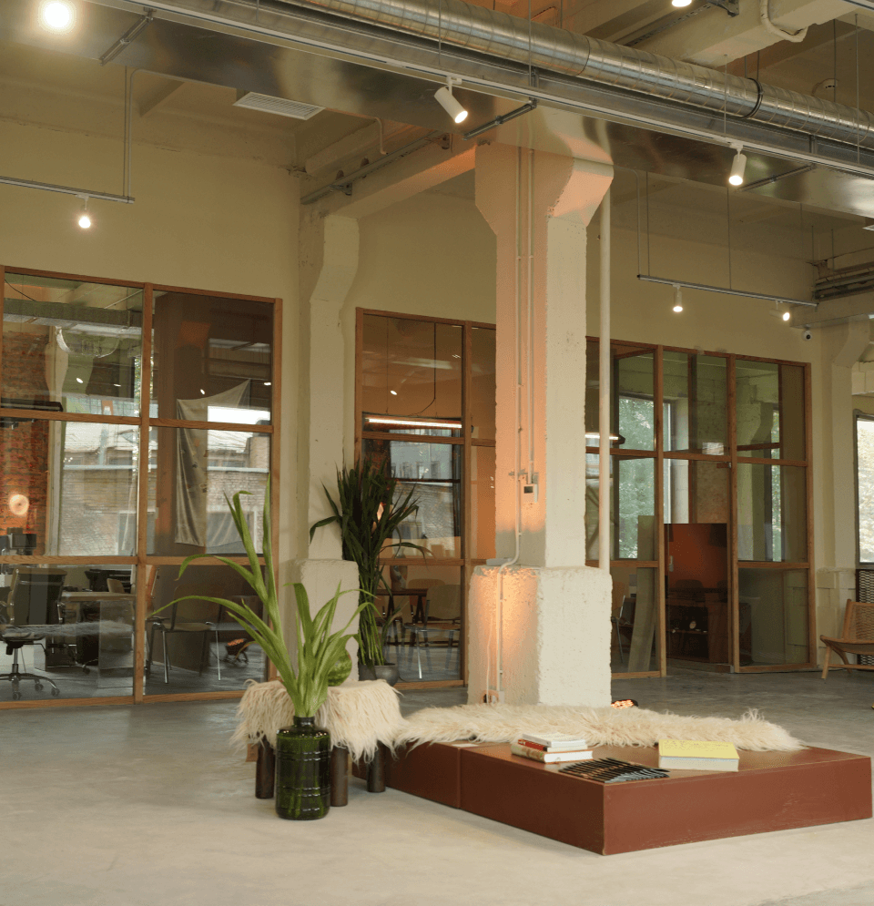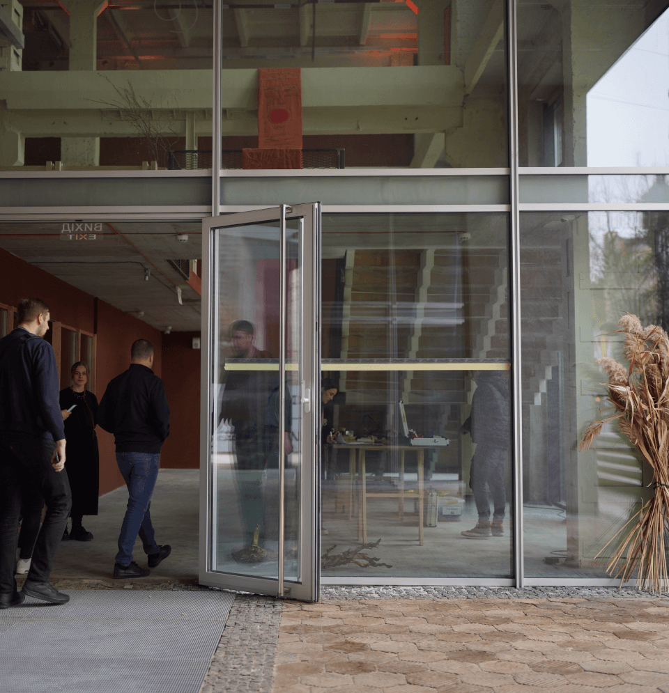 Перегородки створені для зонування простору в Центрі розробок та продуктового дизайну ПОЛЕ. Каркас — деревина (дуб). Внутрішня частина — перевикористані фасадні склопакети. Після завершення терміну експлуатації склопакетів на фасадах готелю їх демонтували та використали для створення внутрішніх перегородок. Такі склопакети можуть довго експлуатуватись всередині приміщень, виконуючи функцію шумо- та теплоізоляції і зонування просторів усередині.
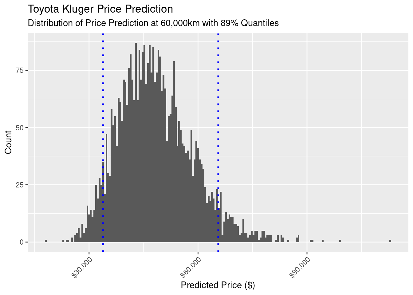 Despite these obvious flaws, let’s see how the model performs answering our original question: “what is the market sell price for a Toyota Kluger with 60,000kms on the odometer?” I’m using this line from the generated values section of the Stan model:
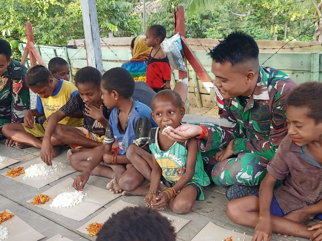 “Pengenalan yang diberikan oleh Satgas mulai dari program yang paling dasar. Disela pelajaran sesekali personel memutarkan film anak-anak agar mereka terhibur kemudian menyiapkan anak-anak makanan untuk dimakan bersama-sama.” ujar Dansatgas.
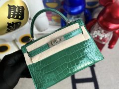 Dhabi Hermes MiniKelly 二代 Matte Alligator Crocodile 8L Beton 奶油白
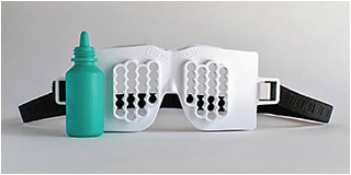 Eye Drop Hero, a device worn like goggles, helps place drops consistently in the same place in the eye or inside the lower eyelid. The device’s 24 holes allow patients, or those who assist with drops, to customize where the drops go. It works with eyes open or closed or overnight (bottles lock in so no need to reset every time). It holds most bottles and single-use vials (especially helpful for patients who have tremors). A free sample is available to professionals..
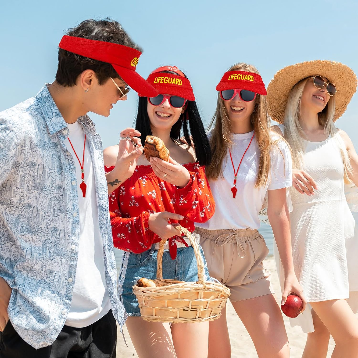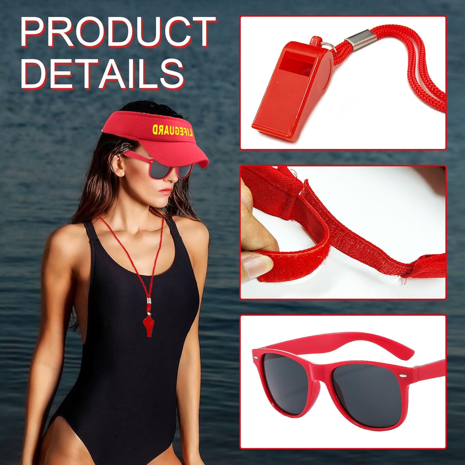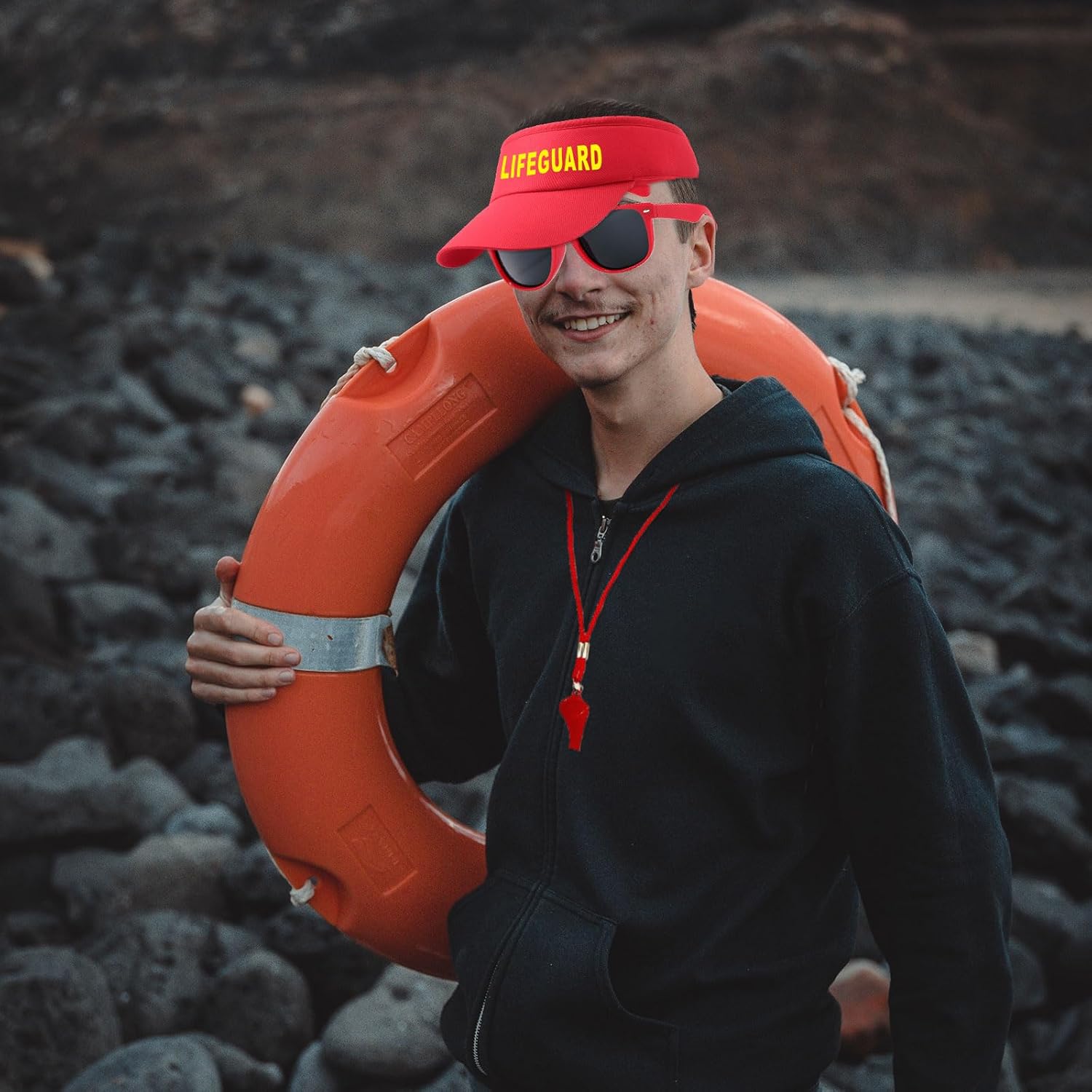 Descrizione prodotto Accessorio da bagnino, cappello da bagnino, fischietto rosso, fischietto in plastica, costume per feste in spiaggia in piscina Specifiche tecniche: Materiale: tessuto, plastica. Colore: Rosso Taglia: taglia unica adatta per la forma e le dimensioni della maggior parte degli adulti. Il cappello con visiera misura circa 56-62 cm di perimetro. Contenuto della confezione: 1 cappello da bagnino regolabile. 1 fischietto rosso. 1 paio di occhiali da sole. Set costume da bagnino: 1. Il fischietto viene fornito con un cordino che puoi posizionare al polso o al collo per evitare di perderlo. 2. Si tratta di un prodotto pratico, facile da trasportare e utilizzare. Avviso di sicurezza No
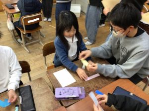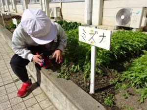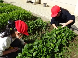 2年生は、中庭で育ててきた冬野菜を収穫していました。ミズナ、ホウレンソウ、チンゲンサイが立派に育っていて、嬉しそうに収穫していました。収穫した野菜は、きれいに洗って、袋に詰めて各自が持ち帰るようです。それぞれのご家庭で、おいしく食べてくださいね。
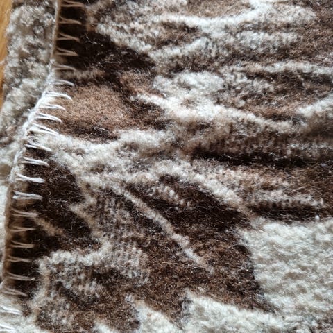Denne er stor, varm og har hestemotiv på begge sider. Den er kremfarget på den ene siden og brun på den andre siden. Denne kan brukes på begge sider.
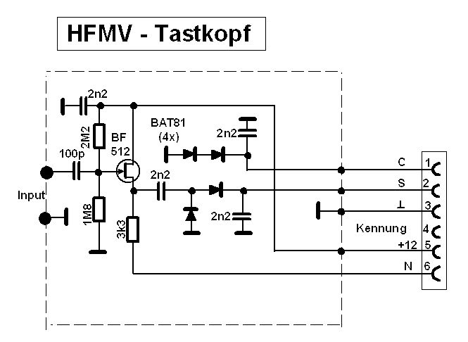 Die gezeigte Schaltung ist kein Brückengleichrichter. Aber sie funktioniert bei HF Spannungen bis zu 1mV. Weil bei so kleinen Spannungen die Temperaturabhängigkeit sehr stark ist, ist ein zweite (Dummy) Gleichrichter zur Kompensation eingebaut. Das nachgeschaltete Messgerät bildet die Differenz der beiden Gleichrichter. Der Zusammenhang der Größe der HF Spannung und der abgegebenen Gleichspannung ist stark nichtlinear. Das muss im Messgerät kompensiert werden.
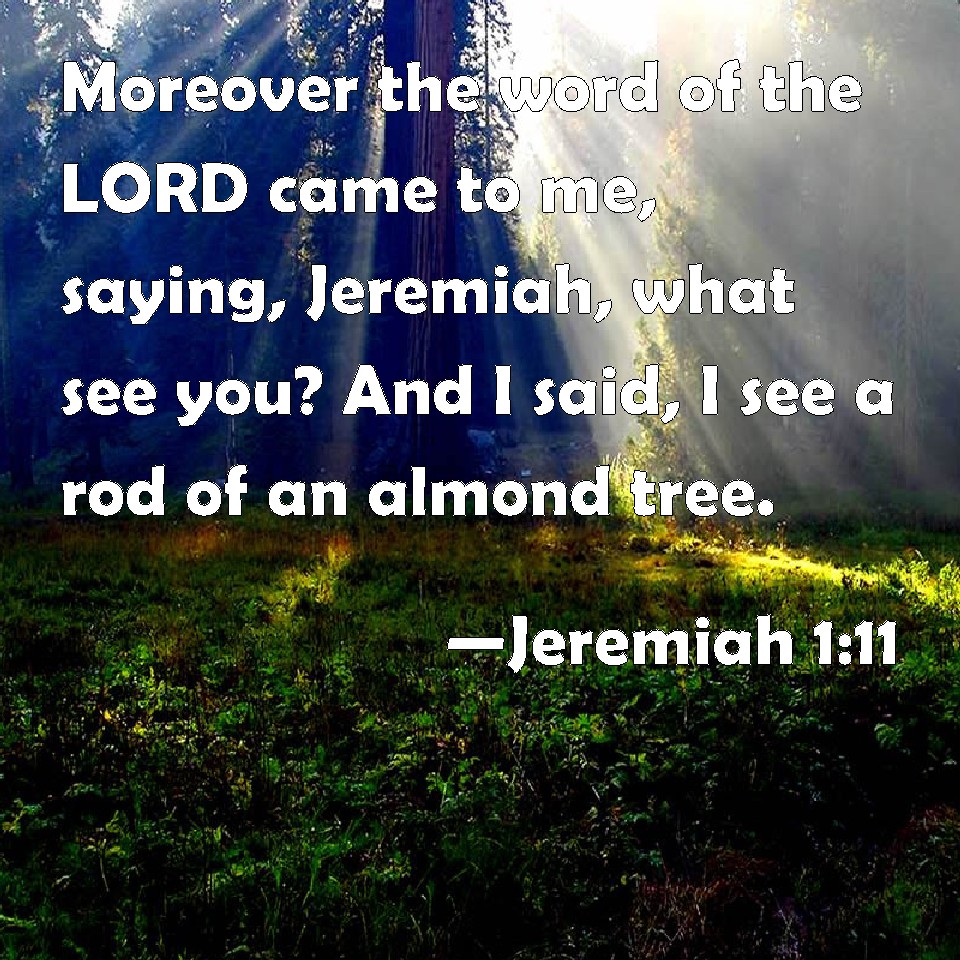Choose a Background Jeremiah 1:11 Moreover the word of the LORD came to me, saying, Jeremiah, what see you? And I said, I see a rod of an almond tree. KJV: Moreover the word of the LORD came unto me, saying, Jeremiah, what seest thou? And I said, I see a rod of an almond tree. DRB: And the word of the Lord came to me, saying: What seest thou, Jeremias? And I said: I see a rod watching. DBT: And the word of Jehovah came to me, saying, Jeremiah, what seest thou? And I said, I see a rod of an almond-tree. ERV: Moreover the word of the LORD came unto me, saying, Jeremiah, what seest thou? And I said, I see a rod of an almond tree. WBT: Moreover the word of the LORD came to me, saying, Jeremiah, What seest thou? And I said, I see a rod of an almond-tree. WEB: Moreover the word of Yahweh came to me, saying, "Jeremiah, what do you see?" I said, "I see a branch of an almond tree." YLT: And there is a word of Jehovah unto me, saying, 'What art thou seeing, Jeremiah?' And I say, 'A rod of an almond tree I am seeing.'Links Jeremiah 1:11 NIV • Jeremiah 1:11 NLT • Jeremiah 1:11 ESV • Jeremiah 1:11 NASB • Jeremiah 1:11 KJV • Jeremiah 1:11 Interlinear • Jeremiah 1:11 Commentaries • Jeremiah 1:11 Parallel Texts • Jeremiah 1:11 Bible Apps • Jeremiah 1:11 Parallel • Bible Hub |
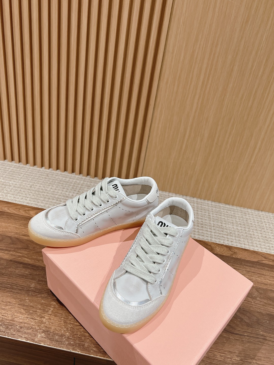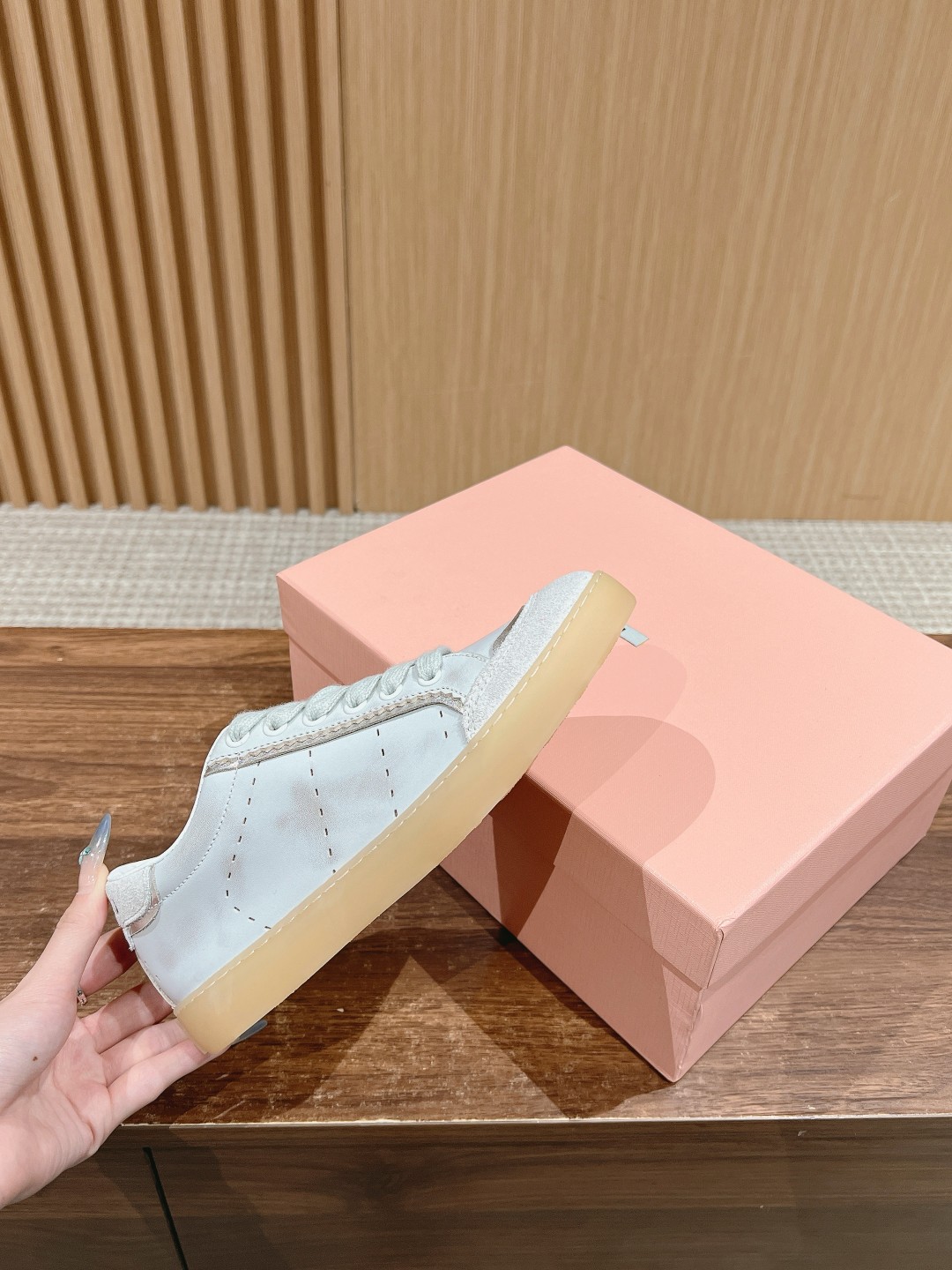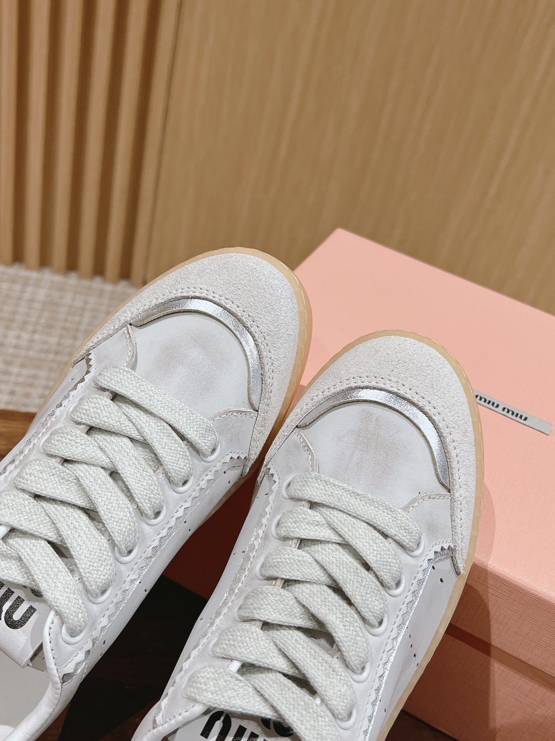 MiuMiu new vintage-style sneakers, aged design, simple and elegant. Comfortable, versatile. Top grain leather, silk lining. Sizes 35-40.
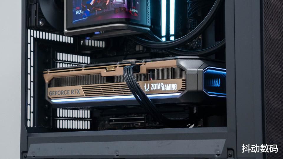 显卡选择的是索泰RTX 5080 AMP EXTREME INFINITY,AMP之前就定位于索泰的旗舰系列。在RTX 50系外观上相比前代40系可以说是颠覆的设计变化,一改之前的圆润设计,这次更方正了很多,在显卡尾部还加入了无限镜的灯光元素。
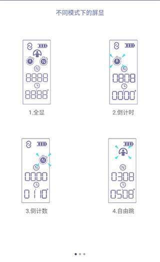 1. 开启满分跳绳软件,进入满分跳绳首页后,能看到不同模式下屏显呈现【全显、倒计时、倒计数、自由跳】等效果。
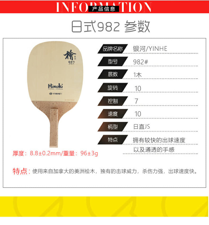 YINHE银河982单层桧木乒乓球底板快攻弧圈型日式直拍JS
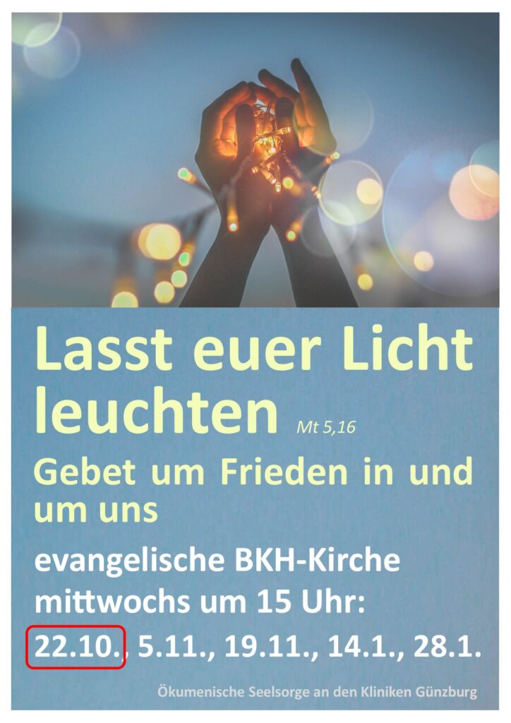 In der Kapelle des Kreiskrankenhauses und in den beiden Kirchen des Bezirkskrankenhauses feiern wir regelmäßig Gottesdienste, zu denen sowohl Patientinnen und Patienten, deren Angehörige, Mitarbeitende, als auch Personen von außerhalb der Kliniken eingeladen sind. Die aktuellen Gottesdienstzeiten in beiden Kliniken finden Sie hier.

++++++++++

» **WHAT IS REQUIRED**
Word for word, retype the lines in the entries above that run from the one with "Descrizione prodotto Accessorio" through the one with "2年生は、中庭で育ててきた冬". Both ends count; pictures do not.

» **RESPONSE AREA**
 Descrizione prodotto Accessorio da bagnino, cappello da bagnino, fischietto rosso, fischietto in plastica, costume per feste in spiaggia in piscina Specifiche tecniche: Materiale: tessuto, plastica. Colore: Rosso Taglia: taglia unica adatta per la forma e le dimensioni della maggior parte degli adulti. Il cappello con visiera misura circa 56-62 cm di perimetro. Contenuto della confezione: 1 cappello da bagnino regolabile. 1 fischietto rosso. 1 paio di occhiali da sole. Set costume da bagnino: 1. Il fischietto viene fornito con un cordino che puoi posizionare al polso o al collo per evitare di perderlo. 2. Si tratta di un prodotto pratico, facile da trasportare e utilizzare. Avviso di sicurezza No
 2年生は、中庭で育ててきた冬野菜を収穫していました。ミズナ、ホウレンソウ、チンゲンサイが立派に育っていて、嬉しそうに収穫していました。収穫した野菜は、きれいに洗って、袋に詰めて各自が持ち帰るようです。それぞれのご家庭で、おいしく食べてくださいね。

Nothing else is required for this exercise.